The most essential ingredient in wealth creation is knowledge (and knowledge is a gift of God). Knowledge leads to surprises which we call innovation because innovations are unmanageable and unpredictable (more about that later). Innovations by their very nature can’t be managed or planned and innovations create wealth which positively affects culture.
More freedom leads to more knowledge which leads to more innovation which leads to a more powerful economy. Conversely, less freedom leads to less knowledge which leads to less innovation which leads to less economic growth. This raises the question as to why all governments do not embrace this self evident process. The reason (as alluded to earlier) is that innovation implies surprise and is and therefore more difficult for government to control. The operative word here is control. This lack of predictability and control make some people very uncomfortable. The desire to eliminate surprise and to control people is very much part of the warp and woof of communism and socialism.
In Europe with its failing welfare states we see this move to eliminate surprise and at the same time we see the increasing role of government with large bureaucracies and more regulatory law. So every new crisis, whether real or imagined brings more unnecessary laws and a corresponding lack of freedom. As one career politician said, “Never let a crisis go to waste”.
Most of these regulation like Dodd-Frank and Sarbanes-Oxley debilitate freedom and slow the expansion of knowledge. These Acts divert the small business owner’s energy away from innovation and consume their time and energy with compliance. These Acts also raise barriers of entry for new entrepreneurs. The entities who benefit from government regulations are the big corporations because they have the lobbyists, lawyers and accountants to address the problem of unnecessary government regulations.
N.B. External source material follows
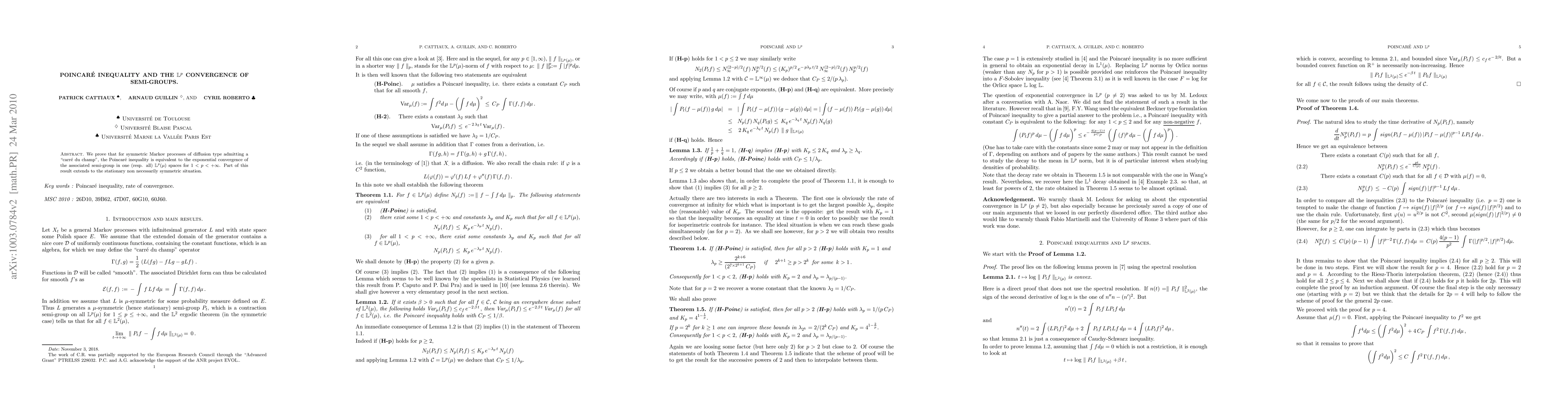 Summary: The paper establishes that for symmetric diffusion-type Markov processes with a "carré du champ," the Poincaré inequality ensures the exponential convergence of the associated semi-group in $\L^p(\mu)$ spaces for $p \in (1, +\infty)$. This result also partially extends to stationary, non-symmetric processes.

The good news is that this move away from freedom can be and is being reversed. We saw this in Chile in the 1970s, in Eastern Europe after the fall of Communism, in New Zealand in the 1980s, in India and China in the 1990s, in Canada in the first decade of the 21st century, in Israel in the 1980s, and in America during the Reagan Administration (and now during the Trump Administration).
The future can change as fast as our minds can change, because the above is essentially an economy of the mind. We can be sure that when unnecessary government regulation and taxation diminishes knowledge and thus prosperity will follow.